BEN
BOTANICAL ELECTRONIC NEWS
ISSN 1188-603X


No. 177 November 21, 1997aceska@victoria.tc.ca Victoria, B.C.
Dr. A. Ceska, P.O.Box 8546, Victoria, B.C. Canada V8W 3S2

SEQUESTRATE BEN - IT STARTED WITH MACOWANITES

On October 11 and 12, 1997, the South Vancouver Island Mycological Society organized a mushroom foray to the Pacific Rim National Park near Tofino, British Columbia. With the help of mushroom experts (Bryce Kendrick, Paul Kroeger, Ian Gibbson, Oluna Ceska, Tony Trofimow, et al.) we compiled a list of about 140 mushroom species. One of the most interesting finds, at least for me, was Macowanites chlorinosmus.

Macowanites looks like Russula that has never made it: an unopened ball with contorted gills inside. Dr. Bryce Kendrick explained to us that Macowanites is a member of the so-called sequestrate fungi (also called secotioid or gastroid fungi), mushrooms that follow the example of truffles and remain buried underground, or grow close to the soil surface. They don't release their spores, but rely on animals for spreading their spores around.

I asked Dr. Bryce Kendrick to write me a short note on these mushrooms for BEN, and he sent me two articles that he published in McIlvainea. I read these articles and realized that a short note would not do justice to those interesting fungi. I have decided to post them in full and the next three issues of BEN (177, 178, and 179) will be fully devoted to this topic.
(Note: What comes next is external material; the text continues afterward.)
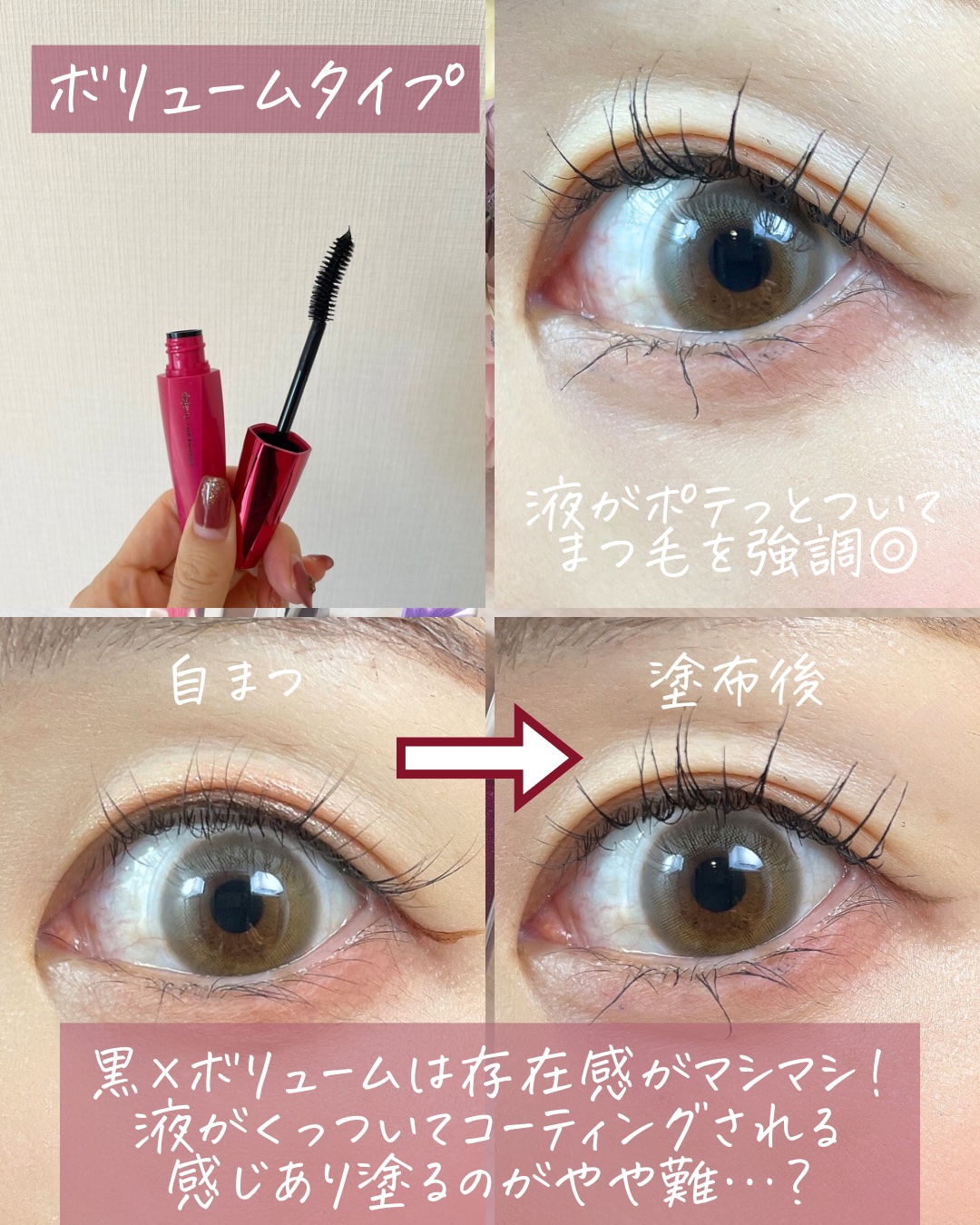 ロング、ボリューム、自まつげ際立てのブラックを使用しました🙂↕️ ロングとボリュームはブラシが大きめ。自まつげ際立ては塗りやすかったです! 個人的にはやっぱり使いやすさで自まつげ際立てタイプが好きです。仕上がりも🌼 ボリュームも仕上がりは好き! 3種類とも液の乾きがはやくて、落としやすさもよかったです◎ あとパケが目立つからポーチの中で探しやすいのも良い🥰

I apologize to all of you who believe that mushrooms really do not belong to the botanical realm. I will post these BEN issues in short intervals of two or three days. This will ensure some degree of continuity, and at the same time, it won't fill your mail boxes entirely. I hope you will enjoy this sequestrate diversion. - Adolf Ceska


EVOLUTION IN ACTION: FROM MUSHROOMS TO TRUFFLES? PART 1

From: Dr. Bryce Kendrick (mycolog@pacificcoast.net)
[Kendrick, B. 1994.
Evolution in action: from mushrooms to truffles. I. McIlvainea 11 (2): 34-38.]
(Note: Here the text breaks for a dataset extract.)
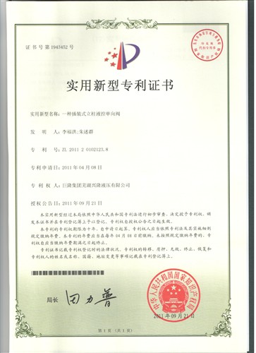 專利:一種插裝式立柱液控單向閥

The fungi are very old. Their history extends over hundreds of millions of years. Yet their origins, and the major evolutionary pathways they have followed, are still cloaked in mystery. This is largely because the fossil record of the fungi is fragmentary and disconnected. Organisms that live on land, and particularly such ephemera as most fungal fructifications, are much less likely to be fossilized than are marine organisms with hard parts. The paucity of fossil evidence has not deterred the cognoscenti among mycologists from a little judicious speculation, inevitably based largely on what we know about fungi that are alive today. This speculation is probably wrong in many respects and is usually heavily laced with the prejudices of its authors, but it is not necessarily a bad thing: students of the fungi need a conceptual framework on which to cut their teeth, and at which to aim their more mature criticisms. But we are still on shaky ground when we try to look into the evolutionary history of most modern fungi.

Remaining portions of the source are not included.